If you own a £5,000 modern classic that's dropping in value, you are highly likely to just cut your losses and move on. If you own a £60,000 enthusiast car that is currently trading at £45,000, you are likely holding onto it, waiting and hoping the market turns.
But if you own a multi-million-pound Ferrari? You are riding a very lucrative wave. We are seeing monumental prices for top-tier modern classics in 2026, and owners are catching on.
They are actively choosing to transact right now to capitalise on this top-end strength.
For the middle market, holding tight may prove to be a smart move for now. On one hand you have the indicators that the market is bottoming out and starting to improve. On the other hand, if that trend reverses, when does a smart hold turn into a firesale?

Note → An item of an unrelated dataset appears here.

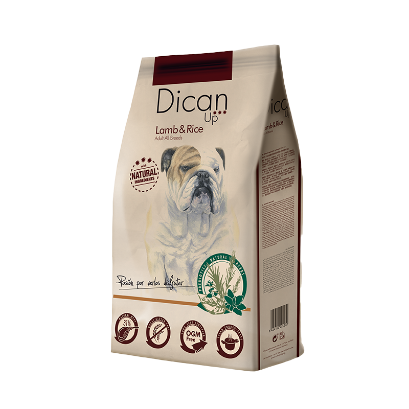 Dehidrirano meso 31% (janjetina 6%), puno zrno kukuruza, ječam, vlakna iz žitarica, pileća mast, riža 4%, repina pulpa, hidrolizirane bjelančevine janjetine 2%, mahune rogača, mineralne tvari, masline 0.1% i prirodni biljni ekstrakti (izvori prirodnog prebiotika: Manioka 0.02% (Cassava filaments), kamilica 0.01% (Chamaemelum nobile), matičnjak 0.01% (Melisa Oficinales), ružmarin 0.01% (Rosmarinus officinalis)).

The Vital Signs: Supply and Sell-Through
If you’ve been following our analysis, you know our golden rule right now: Supply needs to keep constraining if prices are going to stabilise.
So, how are we doing?
We’ve seen a 2% increase in the number of vehicles being offered at auction in Q1. While it is an increase, the rate of that increase is slowing down dramatically. This is great news and a key factor needed to reinvigorate prices. However, we are still seeing well over twice as many auction listings as we did pre-Covid.
Quick side note, we’ve been working on building a much broader view on the market beyond auctions - more on that in our next update. Watch this space.
For now, the best news from the auction world comes from the sell-through rate, which has stabilised at 78% globally (matching this time last year). After multiple years of painful declines, a stable sell-through rate shows that the delta between buyer and seller expectations is finally merging. (Though it's worth noting local variances: the US sell-through rate ticked up 1 percentage point, while the UK fell by 4).
Summary: What Does the Future Hold?
So, is 2026 a boom year? No.
But it is shaping up to be the year the market finally bottoms out.
The rate of price declines is slowing. The avalanche of auction supply is losing momentum. Buyer and seller expectations are aligning. The top tier is thriving, and the EU market is showing us that genuine asset growth is still entirely possible.
Despite all this talk of percentages and price drops, our core philosophy remains unchanged. You should buy what you love, but buy with a drop of data.
Ultimately, the most important thing is that you love what’s sitting in your garage and you actually go out and drive it. Now that Q1 is behind us, spring is officially here. Let's just hope the April showers hold off long enough for us to get the cars out.